Junior Kelly - Piece Of The PieJunior Kelly describes himself as a perfectionist. “I'm really critical of my work” he said back in 2010, “It keeps me hungry.” This may explain why, when Sizzla is announcing his 70th album, the lanky, late blooming Rasta rebel is bringing out his 10th. Yet despite portions being known to singles buyers, 'Piece of the Pie' is worth the wait. And with Jamaica now publicly acknowledging its live roots revival, his timing is perfect.

Previous effort 'Red Pond', released in 2010 on the tail of the Gully and Gaza era included forays into autotune and commercial hip hop sounds – and whatever the “not on my watch” forum fanboys might say, these were executed well. This record goes back to the rootsier template of 2005’s patchwork of European and Jamaican productions 'Tough Life' - with a more unified project feel.

'Piece of the Pie' is produced chiefly by Anthony Senior of Al.Ta.Fa.An. Records, who helmed Kelly’s Queen Ifrica combination Too Late, which appeared on 'Red Pond'. The rhythms here are played mainly by the same musicians as worked on Pond; the Firehouse Crew, but with a less over-produced quality suited to Kelly’s gritty rockstone-deejay-meets-crooning-singer’s voice. The horns are smooth yet never saccharine, and although there could be extra bass in the mix, this is true of most reggae since people started playing music on their phones.

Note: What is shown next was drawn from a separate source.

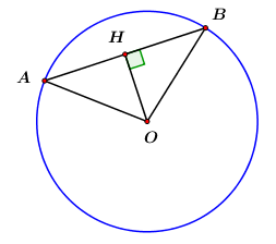 Cho đường tròn \(\left( O \right)\) và một dây \(AB = 6cm,\) khoảng cách từ tâm \(O\) đến dây \(AB\)

All the components of classic Junior Kelly are here. He is still the master of breaking into fast chat on a slow rhythm without it sounding strange. Lots of Herbs on a hip hop patterned sample of Ras Michael None of Jah Children picks up where How Better Ah Go Come (on Java) from 'Red Pond' left off. The socially just title track continues Kelly’s romance with Afro Latin music (e.g. Ease My Pain on 'Tough Life' and Running From The Law on 2003’s 'Smile'). The kinship between Cuban and West African polyrhythms results in an almost Afrobeat sound.

Many of these sides have been issued before while some of their rhythms – like Addicted To Music and Security - have been around since 'Tough Life' came out nearly ten years ago. But as Junior sings, “Man a rock. To stand the test of time” and such ageless sounding backings possess plenty of life in them still. If ever an album summed up the phrase “If it ain’t broke, don’t fix it” this is it.

And there is evolution in evidence. Kelly breaks into a fleeting Sizzla style falsetto on Bun Babylon. His preoccupation with Satan as oppressor – marshalling corrupt politicians, police and soldiers – is even more pronounced. His combination partners are European up-and-comers (Smiley) or Jamaican refusers to play the industry game (Mark Wonder) rather than huge names.

In colonial times, homesick invaders would request that local cooks make their favourite dishes from indigenous ingredients. But they often found these variations on their comfort food far fierier than they expected. Built upon a base of familiar all natural nutritious roots music and filled with scorching social and romantic lyrical content, this is the kind of pie Junior Kelly has served.